What the task requires
When you retype the records that follow, keep each word as it is and drop any pictures.

[Recorded data]
"""

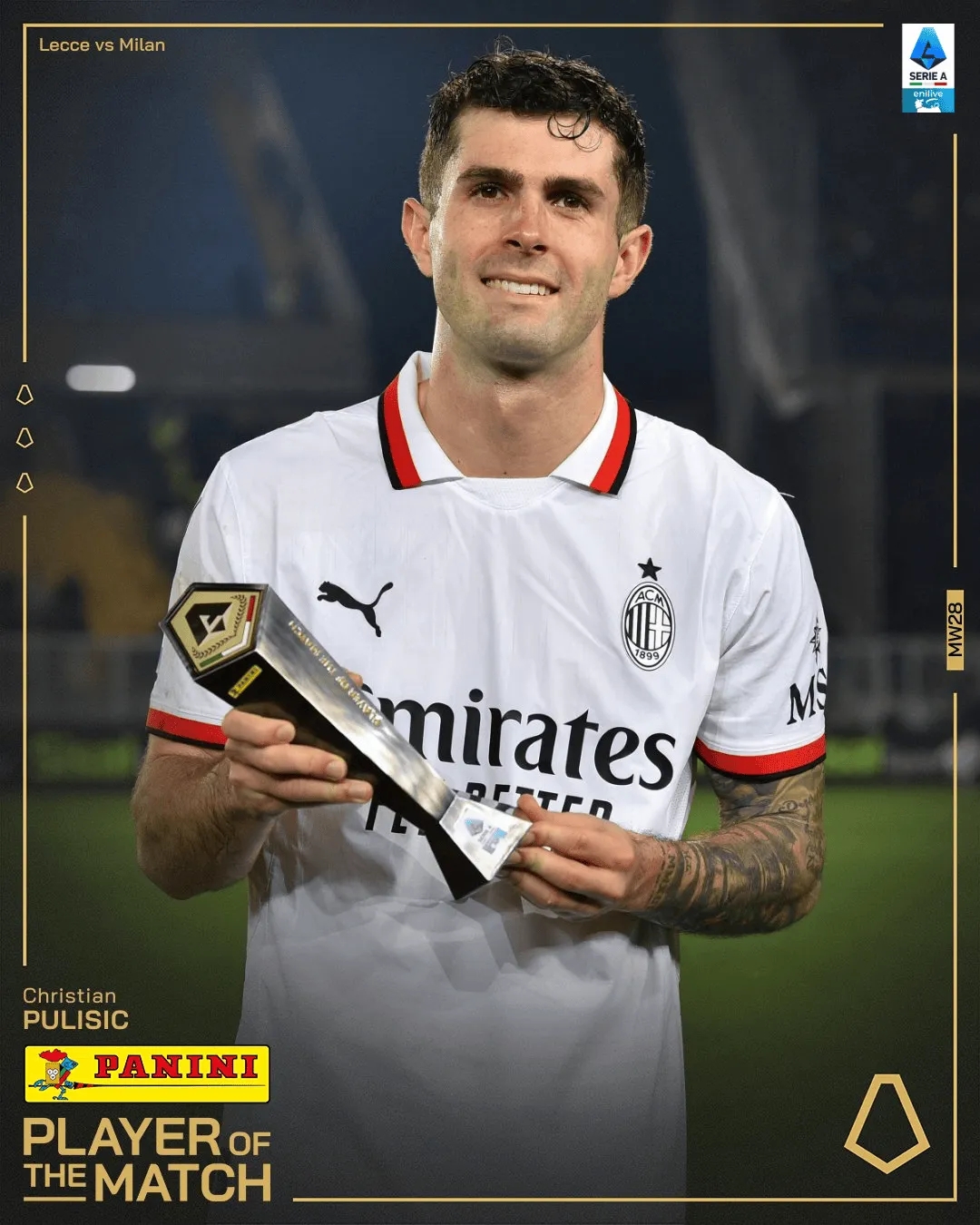 2025-03-09 06:13:26美國隊長!官方:普利西奇當選AC米蘭vs萊切全場最佳球員
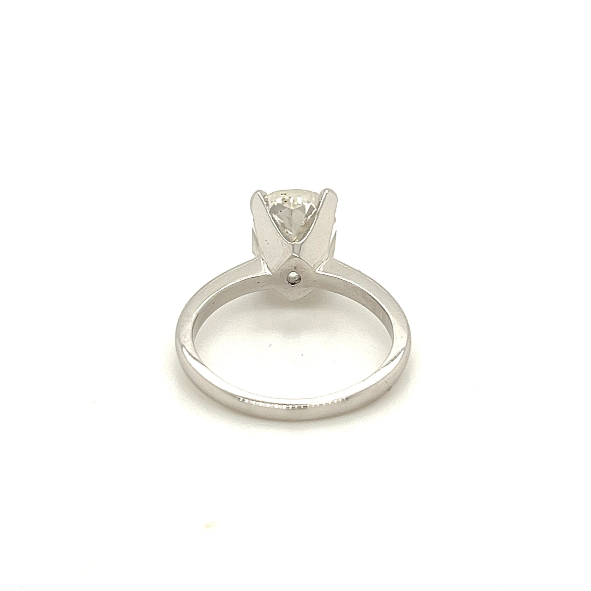 Ein einfacher 18k Weißgold-Ring mit geradem Schaft und erhöhter 4-Krappen-Fassung. Die erhöhte Fassung übertreibt die Größe und verleiht dem Zentrumstein die Optik eines größeren Steins, und obwohl er bereits eine beträchtliche Größe von 3,46 Karat hat, verleiht diese Fassung das gewisse Extra.
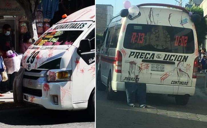 Combis con cuerpos y sangre falsos escandalizan a exfuncionario de Tehuacán
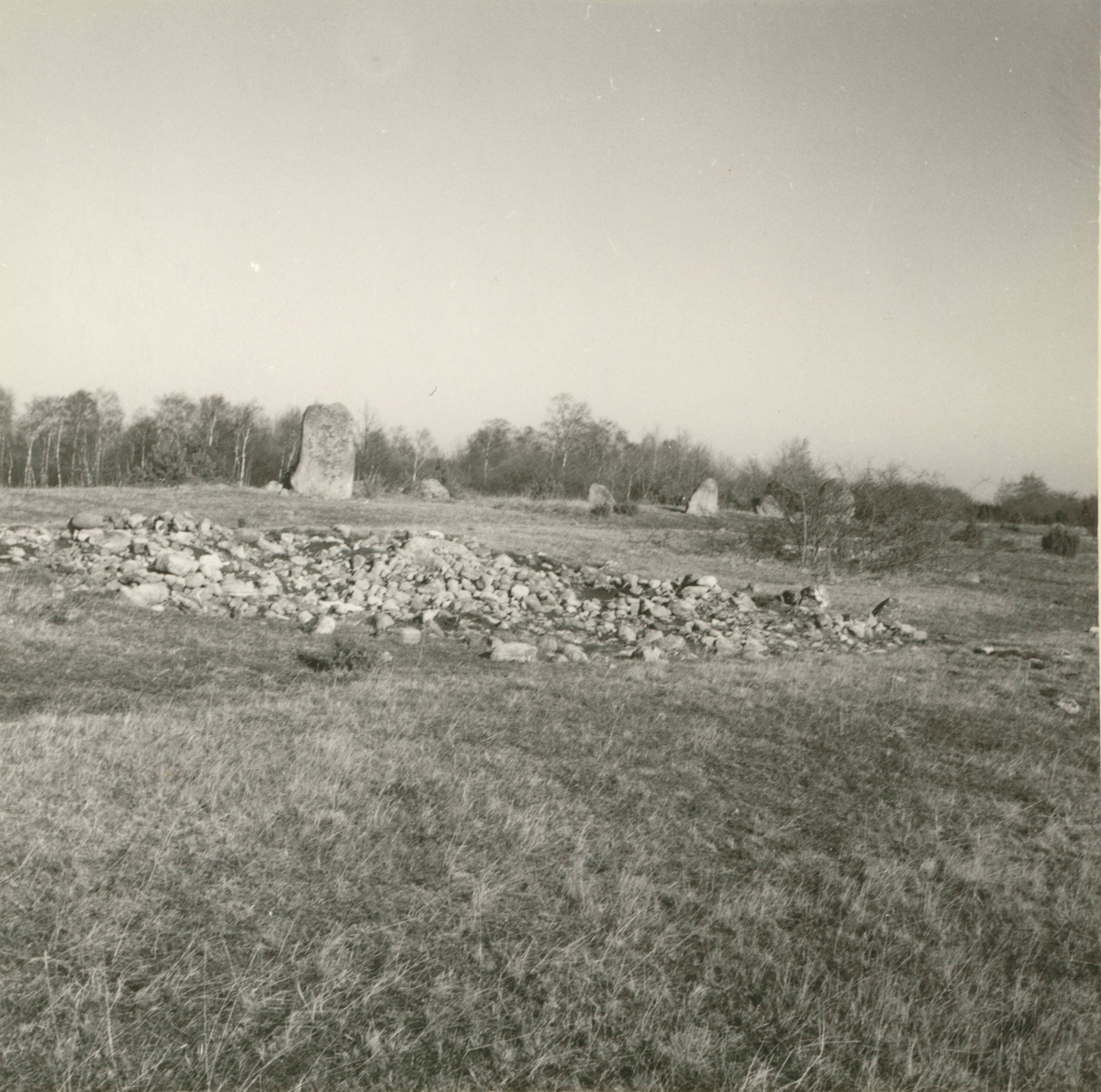 Parti av gravfältet på Holmetorp 4:3. Foto från sydväst. I förgrunden resterna av ett odlingsröse, borttaget till vägfyllnad.
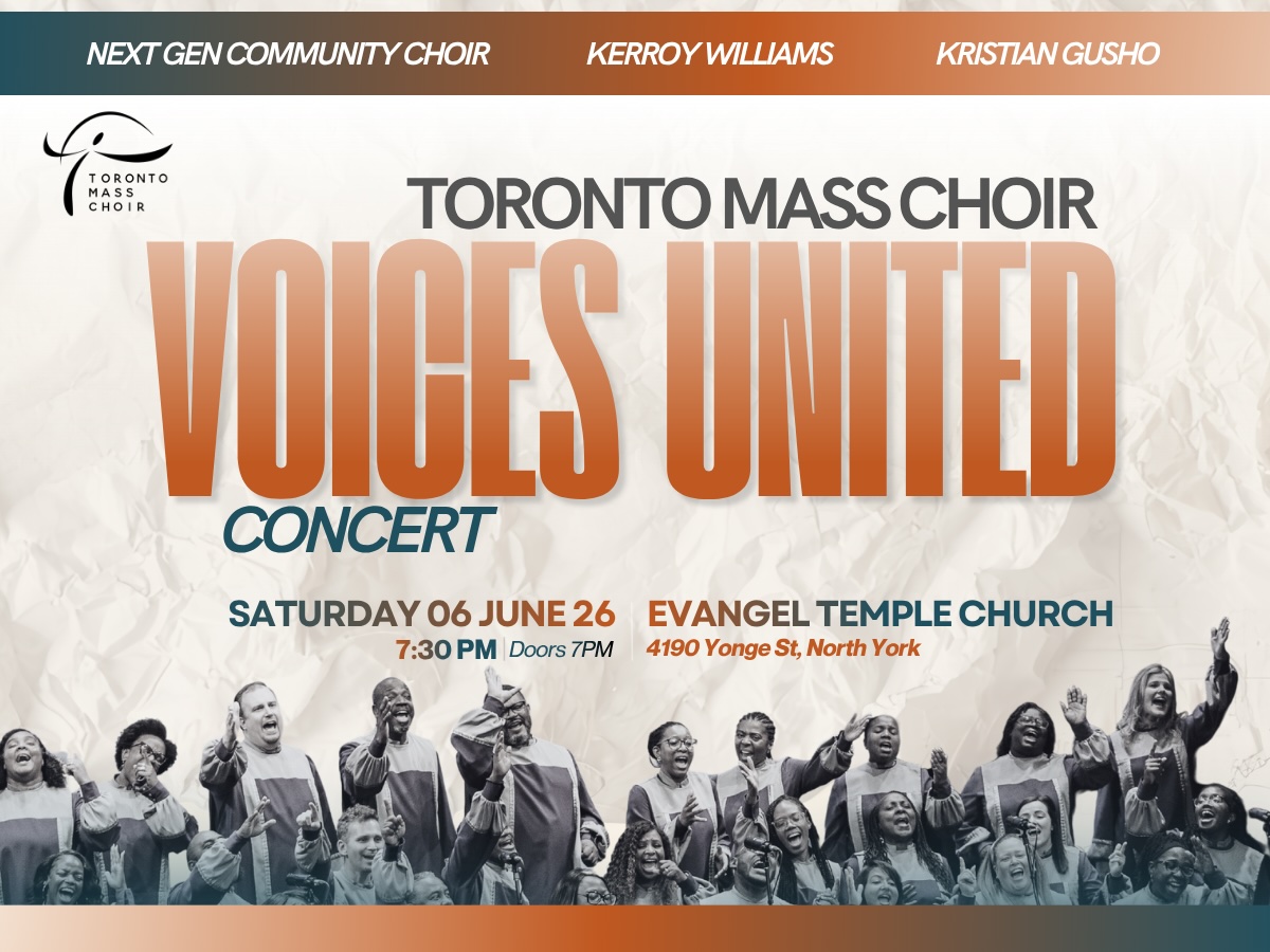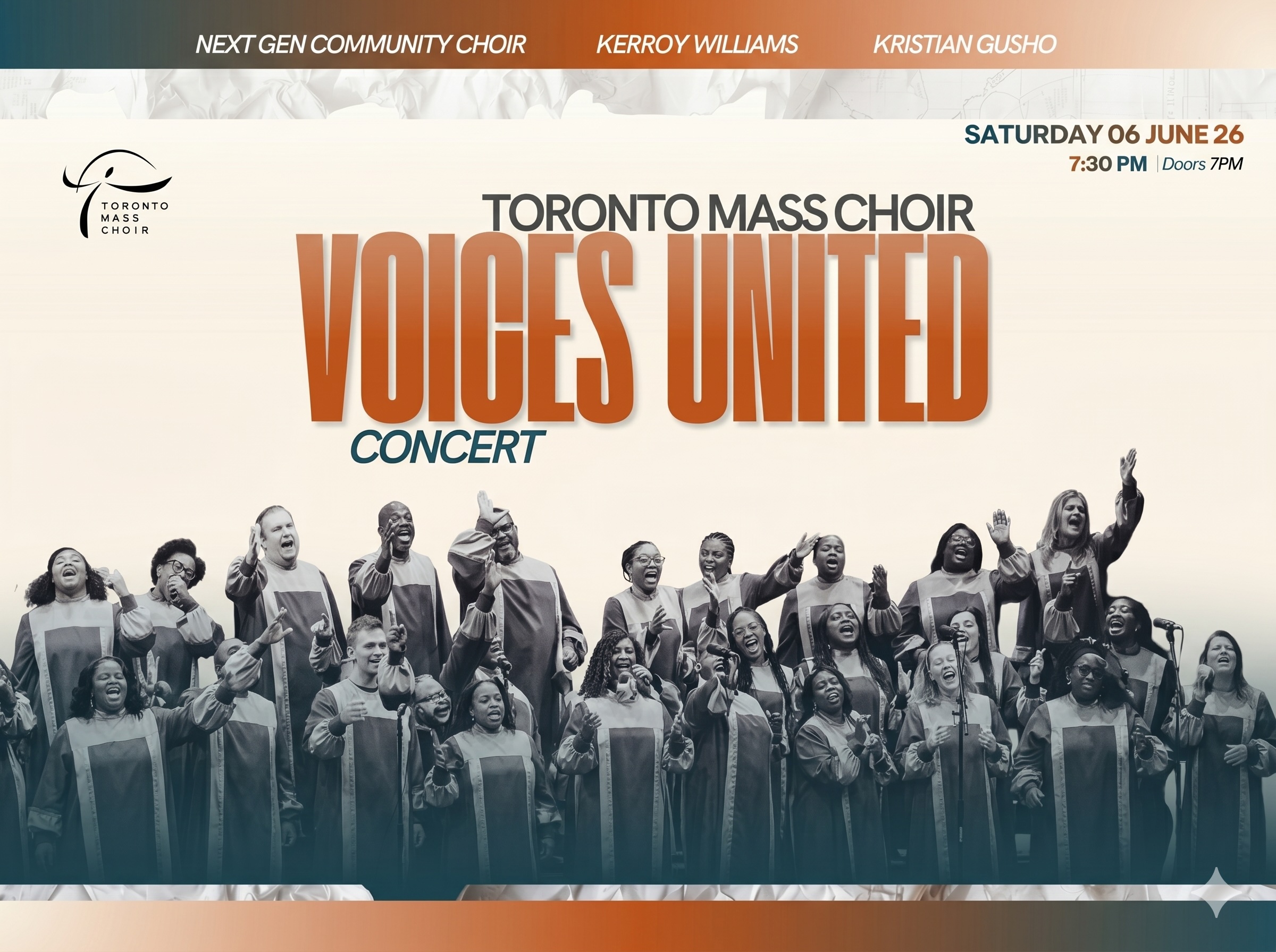 The Toronto Mass Choir (TMC) continues to be on the cutting edge of the Canadian gospel music scene bringing its distinct gospel sound to the world stage. Now 40 members strong plus a five-piece band, this not-for-profit choir consists of adult members from various local church denominations across the Greater Toronto Area.

"""

Response area
 2025-03-09 06:13:26美國隊長!官方:普利西奇當選AC米蘭vs萊切全場最佳球員
 Ein einfacher 18k Weißgold-Ring mit geradem Schaft und erhöhter 4-Krappen-Fassung. Die erhöhte Fassung übertreibt die Größe und verleiht dem Zentrumstein die Optik eines größeren Steins, und obwohl er bereits eine beträchtliche Größe von 3,46 Karat hat, verleiht diese Fassung das gewisse Extra.
 Combis con cuerpos y sangre falsos escandalizan a exfuncionario de Tehuacán
 Parti av gravfältet på Holmetorp 4:3. Foto från sydväst. I förgrunden resterna av ett odlingsröse, borttaget till vägfyllnad.
 The Toronto Mass Choir (TMC) continues to be on the cutting edge of the Canadian gospel music scene bringing its distinct gospel sound to the world stage. Now 40 members strong plus a five-piece band, this not-for-profit choir consists of adult members from various local church denominations across the Greater Toronto Area.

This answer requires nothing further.